### WHAT THE TASK REQUIRES
What you return must be the exact lines of the material below, from the first through the one that has "нажала не туда)))Я", with no pictures and, please, nothing else.

### INFORMATION SUPPLIED
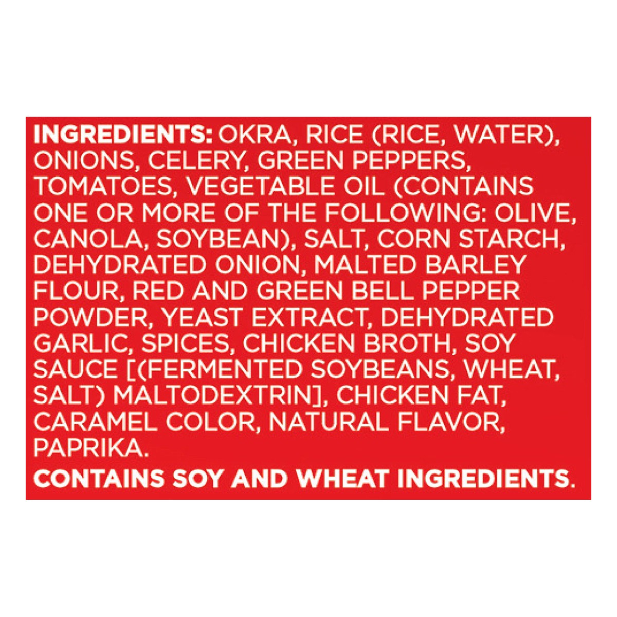 Okra, Rice (Rice, Water), Onions, Celery, Green Peppers, Tomatoes, Salt, Corn Starch, Dehydrated Onion, Malted Barley Flour, Red and Green Bell Pepper Powder, Yeast Extract, Dehydrated Garlic, Spices,…
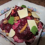 нажала не туда)))Я как-то мариновала свеклу в смородине - подходят они друг к другу. Очень интересный салат!
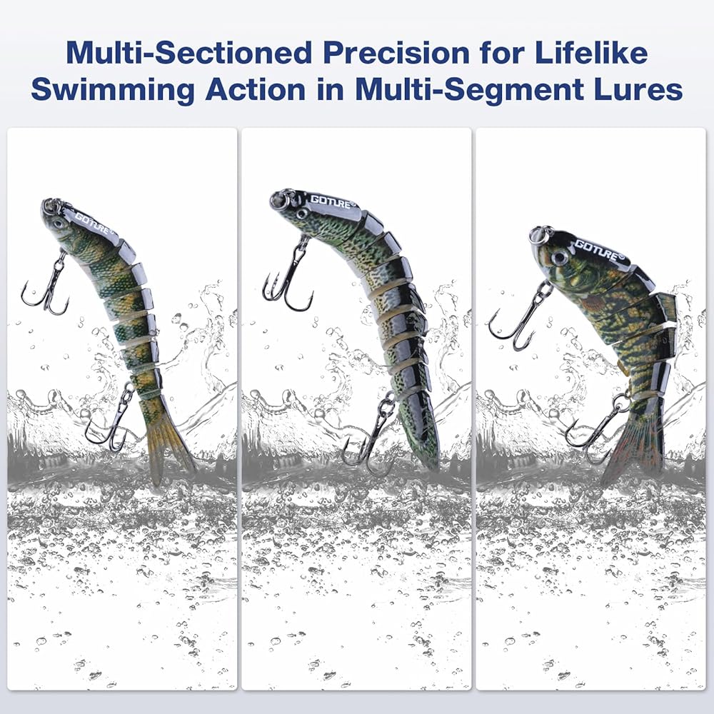 • حركة سباحة مفعمة بالحيوية: تم تصميم طُعم الصيد Goture bass بدقة مع أجسام متعددة المفاصل 6/8/9، مما يسمح لها بالغرق ببطء وتظهر حركة سباحة طبيعية على شكل حرف S. تحاكي هذه الطُعم الجهير حركة الأسماك الحقيقية، مما يجذب المزيد من الصيد ويغري الأسماك المفترسة بالضرب
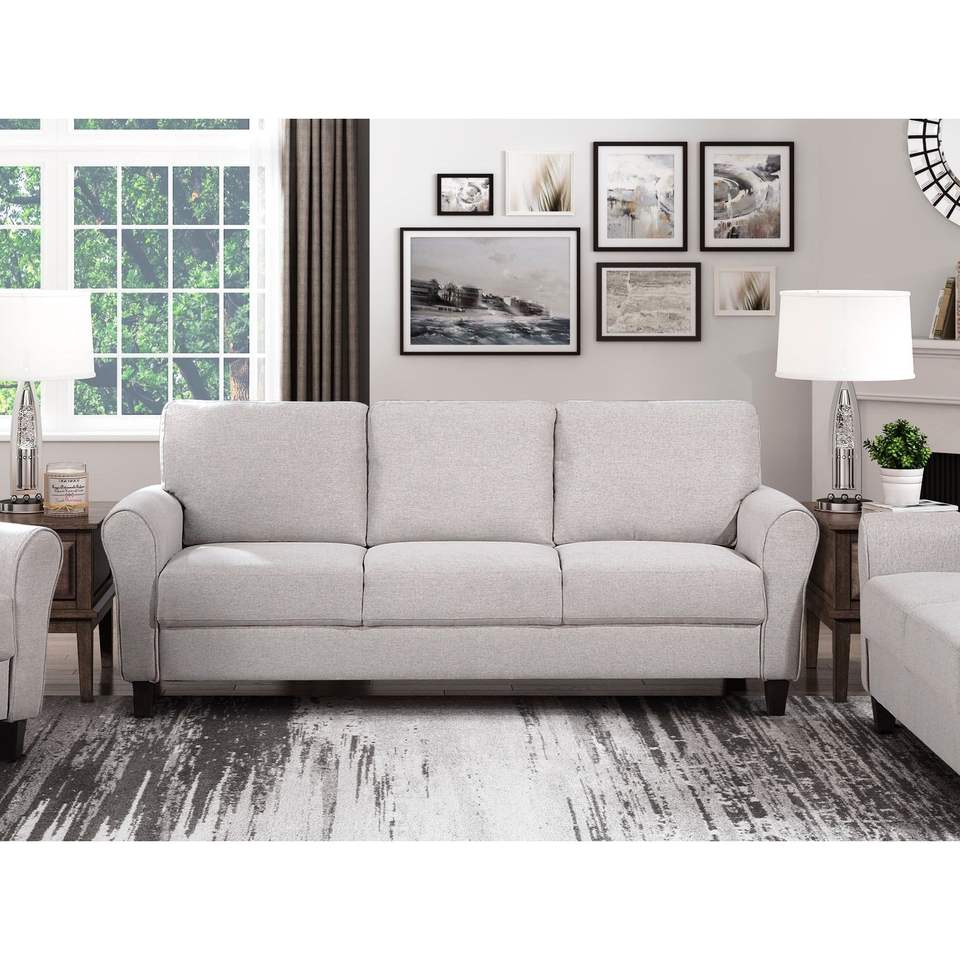 โซฟาผ้าเนื้อสัมผัสสีทรายแบบโมเดิร์น 1 ชิ้น พร้อมเบาะรองนั่งในตัว สำหรับเฟอร์นิเจอร์ห้องนั่งเล่น

### OUTPUT
 Okra, Rice (Rice, Water), Onions, Celery, Green Peppers, Tomatoes, Salt, Corn Starch, Dehydrated Onion, Malted Barley Flour, Red and Green Bell Pepper Powder, Yeast Extract, Dehydrated Garlic, Spices,…
 нажала не туда)))Я как-то мариновала свеклу в смородине - подходят они друг к другу. Очень интересный салат!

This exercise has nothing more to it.